Afin d’éviter ces écueils pourtant inévitables, Emily Loizeau et ses pirates (la comédienne Julie-Anne Roth et le guitariste Csaba Palota) se sont lancés dans un projet hybride, aux croisements du happening, de la lecture, du concert et de la discussion. Il s’agit donc d’un spectacle, qui tourne depuis quatre ans, transformé en disque double. Et non d’un énième album de reprises sans autre ambition que de capter les pépettes des fans du repreneur ou du repris. Et force est d’avouer que le concept fonctionne à merveille : les textes de Lou (traduits en français) et lus par Emily Loizeau font office d’introductions nécessaires aux chansons qui les suivent. Et les chansons se muent en illustrations de la pensée, souvent « méta », de l’artiste torturé, décédé en 2013. Certes, les arrangements sont classieux et la voix d’Emily, bien plus agréable que celle de son mentor. Mais là ne réside pas la plus grande réussite du propos. La magie naît de manière synesthésique, comme dirait Baudelaire. Tous les sens sont en éveil à l’écoute de ce projet. Entre les sons, les bruits, la voix et les mots, le cerveau n’opère plus de tri. Il reçoit et vibre.

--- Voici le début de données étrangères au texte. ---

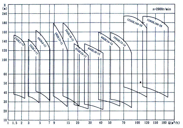 GDL系列立式多級管道離心泵曲線(xiàn)圖譜
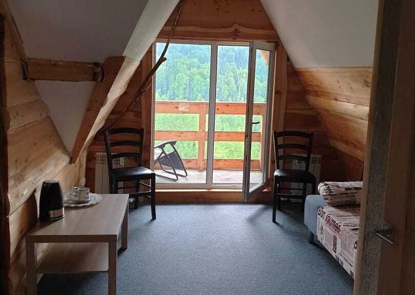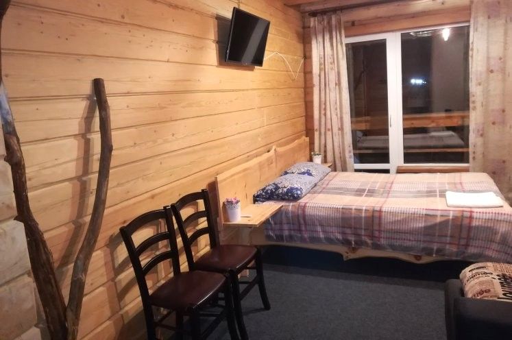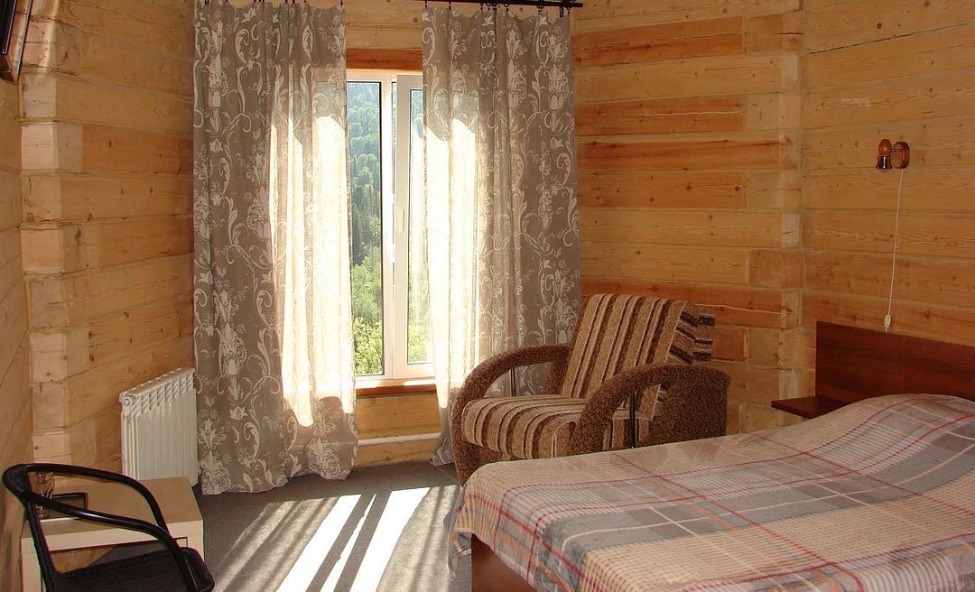 Корпус отеля представляет собой одно 2-этажное здание, выполненное из бруса, и двухэтажный отдельно стоящий коттедж из натурального кедра. В основном корпусе расположено 4 комфортабельных номера, оснащенных необходимой мебелью, ТВ и персональным санузлом с душем. В коттедже – оборудованная кухня, караоке, гостиная и кухня на первом этаже, две спальни – на второй этаже.
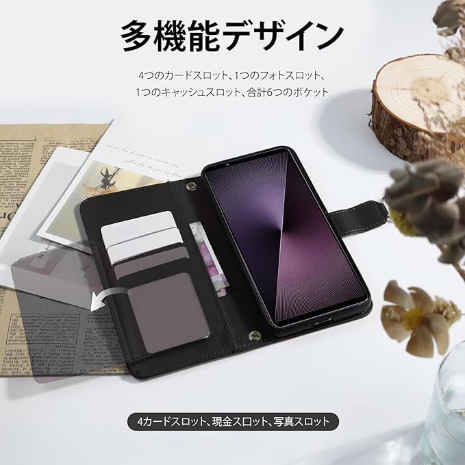 【カード収納機能・スタンド機能】xperia 1 vii ケース 手帳型の内側には6つの独立したポケットがあり、クレジットカード、バスカード、IDカードなどを収納でき、持ち運びが便利で、余分なも

Bon, les « hits » attendus sont bien là : « Walk On The Wild Side », « Femme Fatale » ou le sublime « Perfect Day ». Mais, étrangement, ce ne sont pas les retrouvailles avec ces titres-jalons qui forment la joie de tenir entre ses mains ce superbe disque. Il s’agirait plutôt de ce sentiment intangible d’appartenance : on hésite, on écoute, on se laisse porter puis on commence à comprendre l’insondable complexité de l’âme de ce génie décrié. On chemine avec lui. Mais sans lui. Et c’est peut-être là que réside le tour de force proposé, sans violence ni facilité (aucune volonté délibérée de choquer le bourgeois ou de cirer le perfecto), par la gracile Emily. Avec douceur, calme et apesanteur, elle nous fait pénétrer les délicieuses ténèbres empruntées alors par le loup. A aucun moment, le contraste ne s’avère saisissant. Au contraire, la balade s’achève quand, en remettant le disque dans sa pochette, on se souvient d’avoir écouté un très bon disque de Lou Reed. Enregistré par une autre. Une réussite magistrale. Un bel hommage. D’égal à égal.